START MATERIAL SUPPLIED

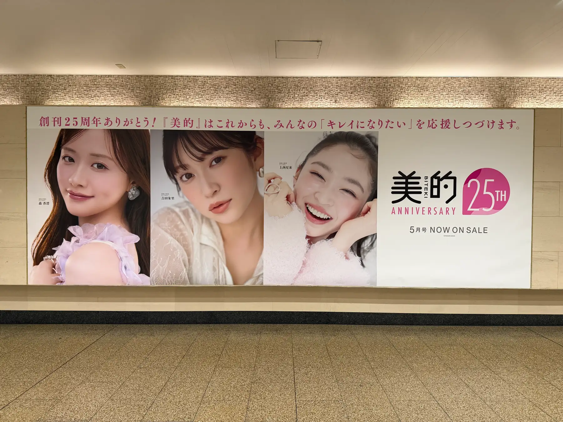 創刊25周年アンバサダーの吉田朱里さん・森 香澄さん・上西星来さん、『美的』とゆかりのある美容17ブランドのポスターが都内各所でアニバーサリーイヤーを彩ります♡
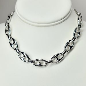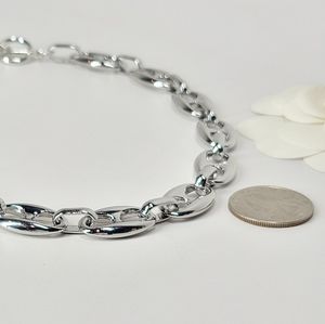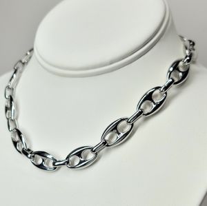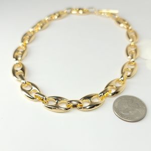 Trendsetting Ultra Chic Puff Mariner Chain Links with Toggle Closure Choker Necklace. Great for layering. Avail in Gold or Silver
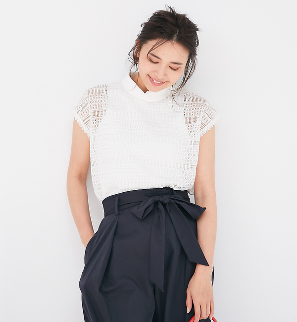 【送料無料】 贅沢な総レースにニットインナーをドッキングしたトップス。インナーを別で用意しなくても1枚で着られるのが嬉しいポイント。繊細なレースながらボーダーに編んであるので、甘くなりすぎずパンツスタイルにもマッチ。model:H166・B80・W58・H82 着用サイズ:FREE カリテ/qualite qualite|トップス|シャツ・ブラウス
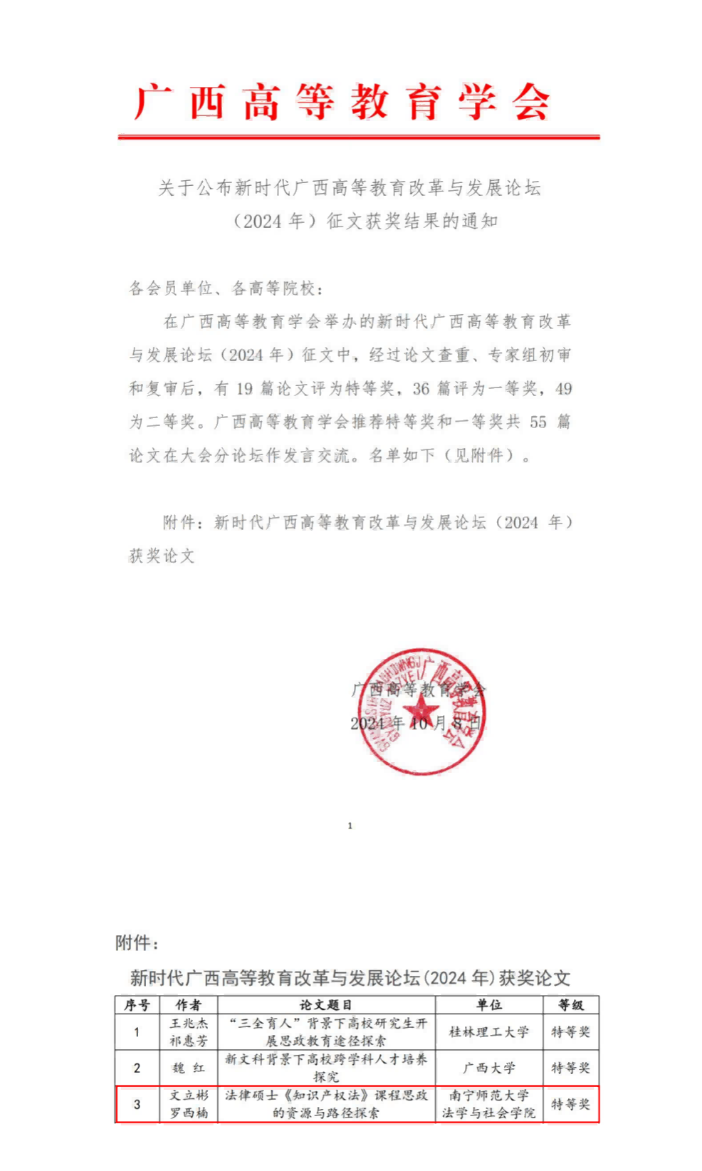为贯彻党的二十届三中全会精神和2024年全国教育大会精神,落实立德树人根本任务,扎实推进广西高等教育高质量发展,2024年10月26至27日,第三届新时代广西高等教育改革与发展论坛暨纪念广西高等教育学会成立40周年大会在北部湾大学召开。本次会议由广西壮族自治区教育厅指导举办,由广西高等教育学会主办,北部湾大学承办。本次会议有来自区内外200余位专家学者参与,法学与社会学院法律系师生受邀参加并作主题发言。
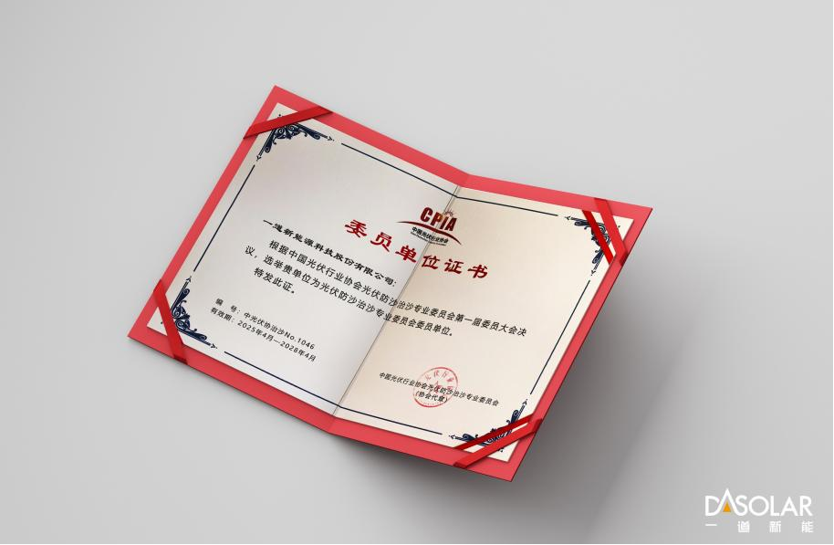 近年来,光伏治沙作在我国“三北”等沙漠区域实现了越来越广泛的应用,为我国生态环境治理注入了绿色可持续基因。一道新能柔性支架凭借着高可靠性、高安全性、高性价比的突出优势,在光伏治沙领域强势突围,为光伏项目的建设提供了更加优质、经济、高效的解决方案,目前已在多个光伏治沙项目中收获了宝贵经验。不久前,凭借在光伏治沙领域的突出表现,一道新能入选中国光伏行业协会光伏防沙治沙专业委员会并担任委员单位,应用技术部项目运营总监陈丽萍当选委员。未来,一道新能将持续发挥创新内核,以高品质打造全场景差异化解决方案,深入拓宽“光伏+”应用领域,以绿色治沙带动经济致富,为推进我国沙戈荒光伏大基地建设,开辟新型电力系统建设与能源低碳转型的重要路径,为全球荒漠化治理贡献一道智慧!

END MATERIAL SUPPLIED
START MATERIAL SUPPLIED

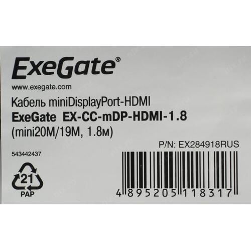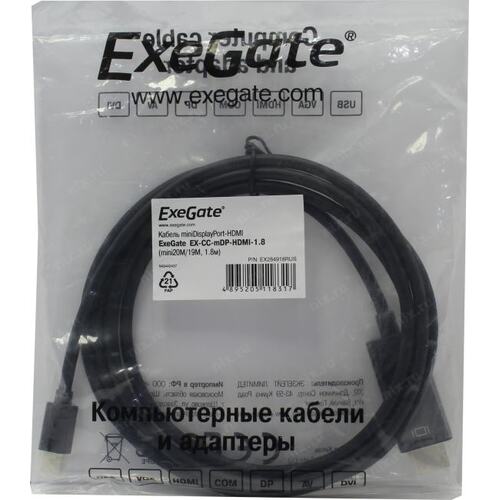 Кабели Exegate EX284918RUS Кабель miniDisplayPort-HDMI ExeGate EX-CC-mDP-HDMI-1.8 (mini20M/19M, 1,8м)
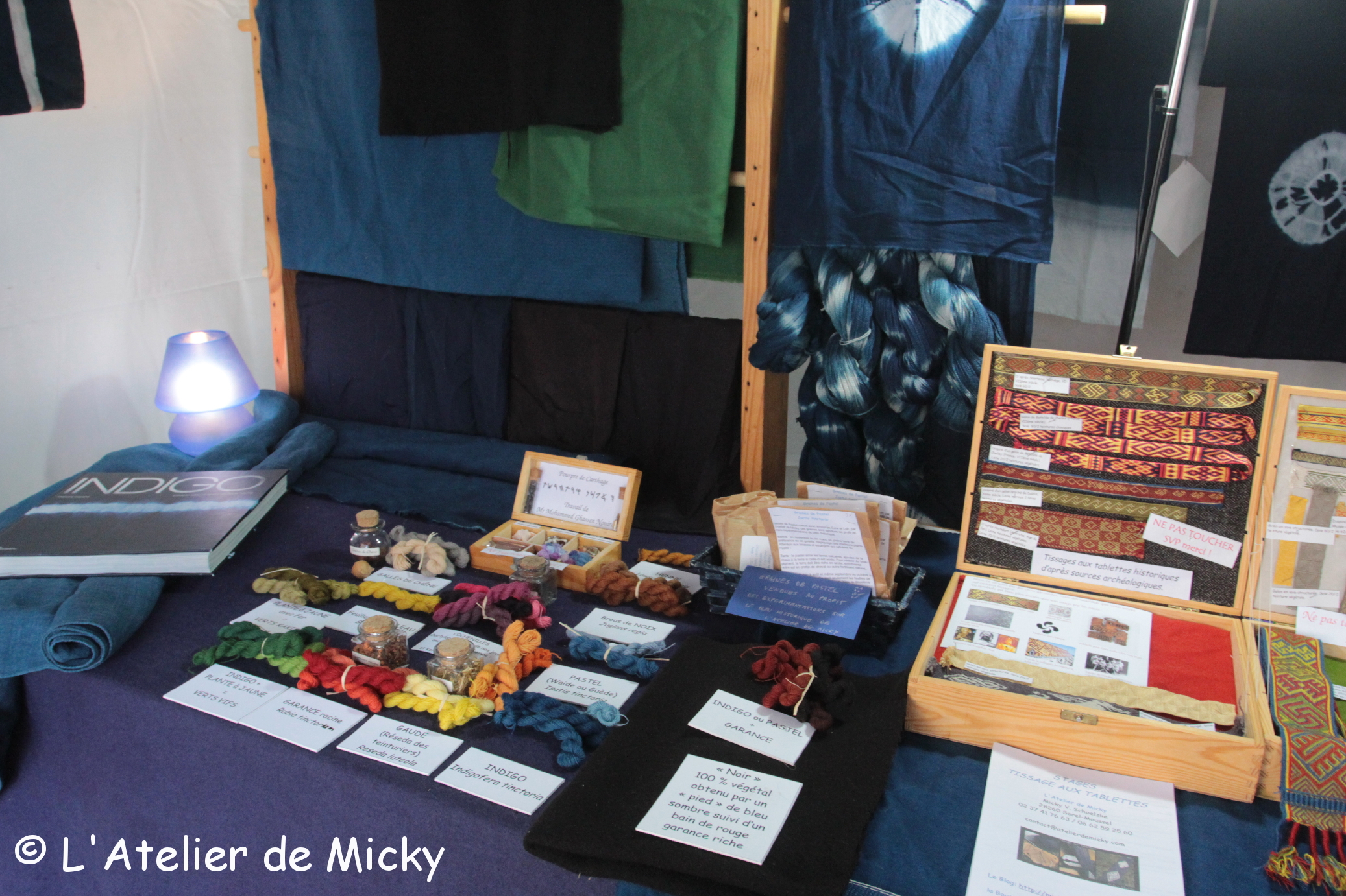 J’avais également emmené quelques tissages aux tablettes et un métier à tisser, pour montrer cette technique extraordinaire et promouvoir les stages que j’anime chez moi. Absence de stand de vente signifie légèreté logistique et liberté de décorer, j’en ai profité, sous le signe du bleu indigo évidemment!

END MATERIAL SUPPLIED

» WORK TO COMPLETE: Your reply should consist solely of the lines above from the line containing "創刊25周年アンバサダーの吉" up to and including the line containing "为贯彻党的二十届三中全会精神", reproduced exactly, minus the pictures.

» WRITTEN SOLUTION:
 創刊25周年アンバサダーの吉田朱里さん・森 香澄さん・上西星来さん、『美的』とゆかりのある美容17ブランドのポスターが都内各所でアニバーサリーイヤーを彩ります♡
 Trendsetting Ultra Chic Puff Mariner Chain Links with Toggle Closure Choker Necklace. Great for layering. Avail in Gold or Silver
 【送料無料】 贅沢な総レースにニットインナーをドッキングしたトップス。インナーを別で用意しなくても1枚で着られるのが嬉しいポイント。繊細なレースながらボーダーに編んであるので、甘くなりすぎずパンツスタイルにもマッチ。model:H166・B80・W58・H82 着用サイズ:FREE カリテ/qualite qualite|トップス|シャツ・ブラウス
为贯彻党的二十届三中全会精神和2024年全国教育大会精神,落实立德树人根本任务,扎实推进广西高等教育高质量发展,2024年10月26至27日,第三届新时代广西高等教育改革与发展论坛暨纪念广西高等教育学会成立40周年大会在北部湾大学召开。本次会议由广西壮族自治区教育厅指导举办,由广西高等教育学会主办,北部湾大学承办。本次会议有来自区内外200余位专家学者参与,法学与社会学院法律系师生受邀参加并作主题发言。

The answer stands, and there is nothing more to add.